• Work required: Using the records that appear below, write out exactly the lines from the one with "BRAND NEW SOUL" through the one with "露珠英语工作室2011年开年", keeping both end lines.
Study material below:
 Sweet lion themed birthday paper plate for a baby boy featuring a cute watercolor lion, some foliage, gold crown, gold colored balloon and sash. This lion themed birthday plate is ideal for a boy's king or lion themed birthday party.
End of Study material.
Study material below:
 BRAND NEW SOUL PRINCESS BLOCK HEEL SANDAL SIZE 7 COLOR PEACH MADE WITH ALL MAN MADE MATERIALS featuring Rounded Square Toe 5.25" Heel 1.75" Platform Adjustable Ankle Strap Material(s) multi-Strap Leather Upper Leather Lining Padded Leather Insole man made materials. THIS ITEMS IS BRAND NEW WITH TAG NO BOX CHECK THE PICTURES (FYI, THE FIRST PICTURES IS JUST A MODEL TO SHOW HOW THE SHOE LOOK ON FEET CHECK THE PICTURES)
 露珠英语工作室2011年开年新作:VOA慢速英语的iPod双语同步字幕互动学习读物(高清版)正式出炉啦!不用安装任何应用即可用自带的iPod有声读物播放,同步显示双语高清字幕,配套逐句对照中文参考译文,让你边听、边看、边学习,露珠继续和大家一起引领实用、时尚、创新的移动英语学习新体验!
End of Study material.
Study material below:
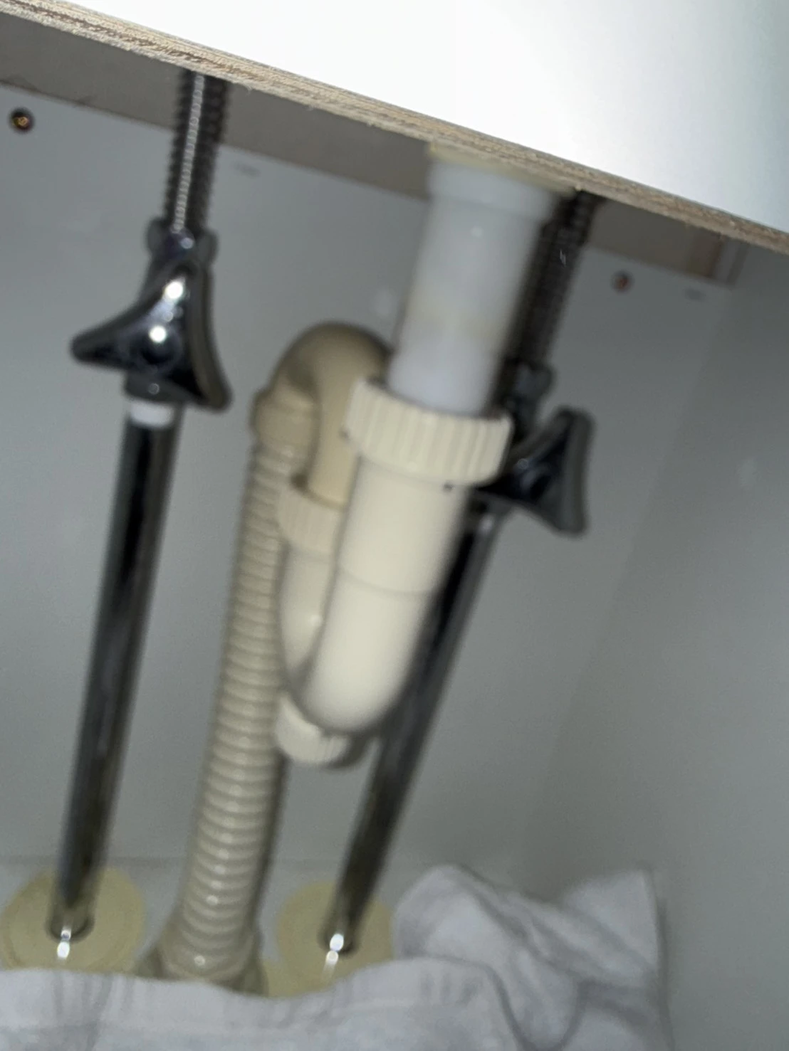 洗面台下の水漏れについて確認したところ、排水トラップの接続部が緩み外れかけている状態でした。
End of Study material.
• Exercise solution:
 BRAND NEW SOUL PRINCESS BLOCK HEEL SANDAL SIZE 7 COLOR PEACH MADE WITH ALL MAN MADE MATERIALS featuring Rounded Square Toe 5.25" Heel 1.75" Platform Adjustable Ankle Strap Material(s) multi-Strap Leather Upper Leather Lining Padded Leather Insole man made materials. THIS ITEMS IS BRAND NEW WITH TAG NO BOX CHECK THE PICTURES (FYI, THE FIRST PICTURES IS JUST A MODEL TO SHOW HOW THE SHOE LOOK ON FEET CHECK THE PICTURES)
 露珠英语工作室2011年开年新作:VOA慢速英语的iPod双语同步字幕互动学习读物(高清版)正式出炉啦!不用安装任何应用即可用自带的iPod有声读物播放,同步显示双语高清字幕,配套逐句对照中文参考译文,让你边听、边看、边学习,露珠继续和大家一起引领实用、时尚、创新的移动英语学习新体验!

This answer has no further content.